**What you need to do**
In the records below, find the line with "High rise cropped" and the line with "Рис. 3. Оригинальная". Print both exactly, along with every line between them, and no other line.

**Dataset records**
== Segment start ==
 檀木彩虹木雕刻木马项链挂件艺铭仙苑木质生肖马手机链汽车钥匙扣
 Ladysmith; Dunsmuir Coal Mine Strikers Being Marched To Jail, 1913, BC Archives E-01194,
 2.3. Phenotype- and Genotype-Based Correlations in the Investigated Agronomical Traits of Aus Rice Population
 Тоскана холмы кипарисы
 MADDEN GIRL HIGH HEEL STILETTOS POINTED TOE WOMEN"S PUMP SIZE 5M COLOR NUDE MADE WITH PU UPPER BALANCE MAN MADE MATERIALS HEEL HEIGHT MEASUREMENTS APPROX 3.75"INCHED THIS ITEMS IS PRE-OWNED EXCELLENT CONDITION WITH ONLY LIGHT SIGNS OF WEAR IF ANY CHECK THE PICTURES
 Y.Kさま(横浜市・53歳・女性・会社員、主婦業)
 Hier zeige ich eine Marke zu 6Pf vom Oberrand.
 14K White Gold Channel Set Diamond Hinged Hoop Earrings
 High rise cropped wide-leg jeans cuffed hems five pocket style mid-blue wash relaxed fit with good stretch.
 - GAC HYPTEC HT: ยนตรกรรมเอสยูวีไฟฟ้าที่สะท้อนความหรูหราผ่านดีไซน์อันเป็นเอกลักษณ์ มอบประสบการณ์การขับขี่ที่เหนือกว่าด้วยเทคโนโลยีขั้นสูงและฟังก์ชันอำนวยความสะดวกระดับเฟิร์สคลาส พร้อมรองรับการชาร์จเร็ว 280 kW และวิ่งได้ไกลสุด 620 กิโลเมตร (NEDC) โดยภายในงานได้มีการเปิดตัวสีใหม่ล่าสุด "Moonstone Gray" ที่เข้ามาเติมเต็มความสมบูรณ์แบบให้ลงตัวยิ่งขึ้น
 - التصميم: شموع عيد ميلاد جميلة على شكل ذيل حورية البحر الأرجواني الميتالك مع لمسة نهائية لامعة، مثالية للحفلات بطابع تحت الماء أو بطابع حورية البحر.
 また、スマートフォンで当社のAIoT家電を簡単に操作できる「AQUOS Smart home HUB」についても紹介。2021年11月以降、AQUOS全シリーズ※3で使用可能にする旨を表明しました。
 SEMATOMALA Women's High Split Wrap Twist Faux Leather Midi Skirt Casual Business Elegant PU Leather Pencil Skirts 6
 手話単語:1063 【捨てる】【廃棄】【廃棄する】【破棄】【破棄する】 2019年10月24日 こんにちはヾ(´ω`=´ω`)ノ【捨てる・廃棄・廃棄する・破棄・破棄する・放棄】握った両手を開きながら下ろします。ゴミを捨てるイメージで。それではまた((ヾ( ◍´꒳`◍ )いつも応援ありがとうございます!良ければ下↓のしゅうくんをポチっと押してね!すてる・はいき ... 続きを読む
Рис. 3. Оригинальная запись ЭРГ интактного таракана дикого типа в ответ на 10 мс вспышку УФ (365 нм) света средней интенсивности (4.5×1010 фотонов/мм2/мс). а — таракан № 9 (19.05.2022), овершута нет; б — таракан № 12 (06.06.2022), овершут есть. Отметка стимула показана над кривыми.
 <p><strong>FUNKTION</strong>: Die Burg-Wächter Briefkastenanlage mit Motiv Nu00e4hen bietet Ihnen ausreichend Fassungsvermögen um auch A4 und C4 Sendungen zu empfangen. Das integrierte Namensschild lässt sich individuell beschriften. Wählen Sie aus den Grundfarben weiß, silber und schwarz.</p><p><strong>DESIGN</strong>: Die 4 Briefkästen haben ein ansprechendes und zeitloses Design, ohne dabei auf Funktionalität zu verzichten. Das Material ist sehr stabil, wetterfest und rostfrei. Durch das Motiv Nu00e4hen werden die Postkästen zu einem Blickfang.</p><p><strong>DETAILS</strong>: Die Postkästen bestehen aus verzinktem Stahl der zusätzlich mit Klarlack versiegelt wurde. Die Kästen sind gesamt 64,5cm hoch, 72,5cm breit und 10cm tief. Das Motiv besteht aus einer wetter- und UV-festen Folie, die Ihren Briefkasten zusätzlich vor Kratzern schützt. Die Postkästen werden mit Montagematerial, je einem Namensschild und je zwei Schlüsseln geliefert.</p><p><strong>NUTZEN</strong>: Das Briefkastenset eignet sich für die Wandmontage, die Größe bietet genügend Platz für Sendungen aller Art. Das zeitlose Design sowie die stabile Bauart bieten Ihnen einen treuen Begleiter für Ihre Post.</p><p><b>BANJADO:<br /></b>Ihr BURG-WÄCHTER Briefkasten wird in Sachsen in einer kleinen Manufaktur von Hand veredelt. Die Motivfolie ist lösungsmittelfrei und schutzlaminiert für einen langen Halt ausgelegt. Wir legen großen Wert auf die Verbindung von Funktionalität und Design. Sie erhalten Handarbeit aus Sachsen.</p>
== Segment end ==
**Solution for this task**
 High rise cropped wide-leg jeans cuffed hems five pocket style mid-blue wash relaxed fit with good stretch.
 - GAC HYPTEC HT: ยนตรกรรมเอสยูวีไฟฟ้าที่สะท้อนความหรูหราผ่านดีไซน์อันเป็นเอกลักษณ์ มอบประสบการณ์การขับขี่ที่เหนือกว่าด้วยเทคโนโลยีขั้นสูงและฟังก์ชันอำนวยความสะดวกระดับเฟิร์สคลาส พร้อมรองรับการชาร์จเร็ว 280 kW และวิ่งได้ไกลสุด 620 กิโลเมตร (NEDC) โดยภายในงานได้มีการเปิดตัวสีใหม่ล่าสุด "Moonstone Gray" ที่เข้ามาเติมเต็มความสมบูรณ์แบบให้ลงตัวยิ่งขึ้น
 - التصميم: شموع عيد ميلاد جميلة على شكل ذيل حورية البحر الأرجواني الميتالك مع لمسة نهائية لامعة، مثالية للحفلات بطابع تحت الماء أو بطابع حورية البحر.
 また、スマートフォンで当社のAIoT家電を簡単に操作できる「AQUOS Smart home HUB」についても紹介。2021年11月以降、AQUOS全シリーズ※3で使用可能にする旨を表明しました。
 SEMATOMALA Women's High Split Wrap Twist Faux Leather Midi Skirt Casual Business Elegant PU Leather Pencil Skirts 6
 手話単語:1063 【捨てる】【廃棄】【廃棄する】【破棄】【破棄する】 2019年10月24日 こんにちはヾ(´ω`=´ω`)ノ【捨てる・廃棄・廃棄する・破棄・破棄する・放棄】握った両手を開きながら下ろします。ゴミを捨てるイメージで。それではまた((ヾ( ◍´꒳`◍ )いつも応援ありがとうございます!良ければ下↓のしゅうくんをポチっと押してね!すてる・はいき ... 続きを読む
Рис. 3. Оригинальная запись ЭРГ интактного таракана дикого типа в ответ на 10 мс вспышку УФ (365 нм) света средней интенсивности (4.5×1010 фотонов/мм2/мс). а — таракан № 9 (19.05.2022), овершута нет; б — таракан № 12 (06.06.2022), овершут есть. Отметка стимула показана над кривыми.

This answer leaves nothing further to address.